▸ **TASK INSTRUCTIONS**: Which lines of the entries contain the string "from"? Copy each of them.

---------- THE INPUT ----------

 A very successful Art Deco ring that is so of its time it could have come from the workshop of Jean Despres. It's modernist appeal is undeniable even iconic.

----------
---------- THE INPUT ----------

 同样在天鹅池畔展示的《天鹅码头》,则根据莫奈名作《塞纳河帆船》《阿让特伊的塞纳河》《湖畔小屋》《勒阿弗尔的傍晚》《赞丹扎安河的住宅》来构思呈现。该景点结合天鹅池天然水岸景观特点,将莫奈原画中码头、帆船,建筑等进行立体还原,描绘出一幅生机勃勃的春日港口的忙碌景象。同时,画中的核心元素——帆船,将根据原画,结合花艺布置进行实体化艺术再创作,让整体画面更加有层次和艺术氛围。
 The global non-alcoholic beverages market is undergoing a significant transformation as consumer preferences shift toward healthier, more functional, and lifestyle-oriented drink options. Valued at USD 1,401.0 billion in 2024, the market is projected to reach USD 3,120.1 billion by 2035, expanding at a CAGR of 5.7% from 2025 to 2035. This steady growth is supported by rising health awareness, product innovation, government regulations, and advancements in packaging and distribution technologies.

----------
---------- THE INPUT ----------

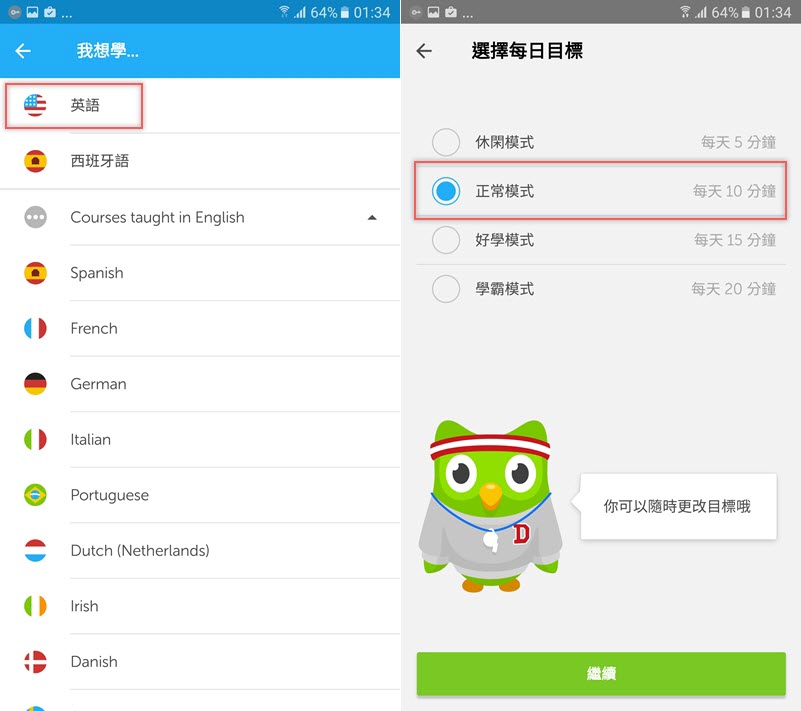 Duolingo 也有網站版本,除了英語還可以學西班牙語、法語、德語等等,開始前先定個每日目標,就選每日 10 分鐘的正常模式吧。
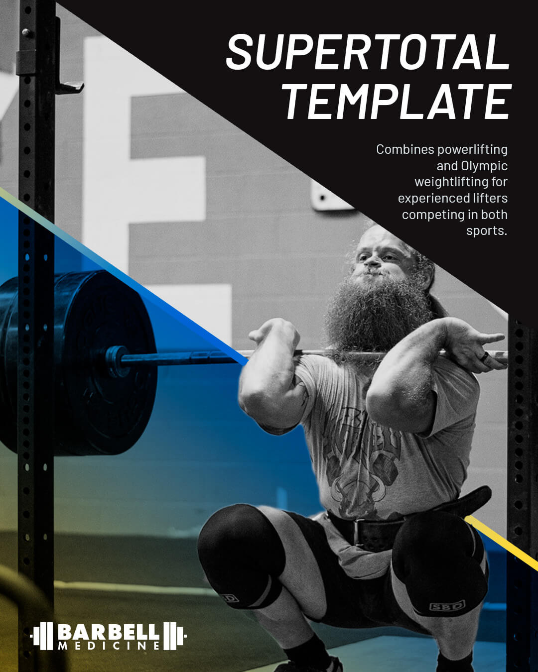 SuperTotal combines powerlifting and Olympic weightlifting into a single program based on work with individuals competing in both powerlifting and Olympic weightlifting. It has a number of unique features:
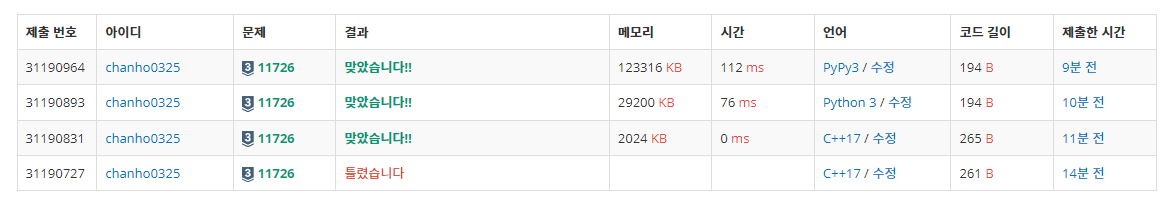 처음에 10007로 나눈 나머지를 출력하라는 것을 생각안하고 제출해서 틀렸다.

----------

▸ **ANSWER SECTION**:
 A very successful Art Deco ring that is so of its time it could have come from the workshop of Jean Despres. It's modernist appeal is undeniable even iconic.
 The global non-alcoholic beverages market is undergoing a significant transformation as consumer preferences shift toward healthier, more functional, and lifestyle-oriented drink options. Valued at USD 1,401.0 billion in 2024, the market is projected to reach USD 3,120.1 billion by 2035, expanding at a CAGR of 5.7% from 2025 to 2035. This steady growth is supported by rising health awareness, product innovation, government regulations, and advancements in packaging and distribution technologies.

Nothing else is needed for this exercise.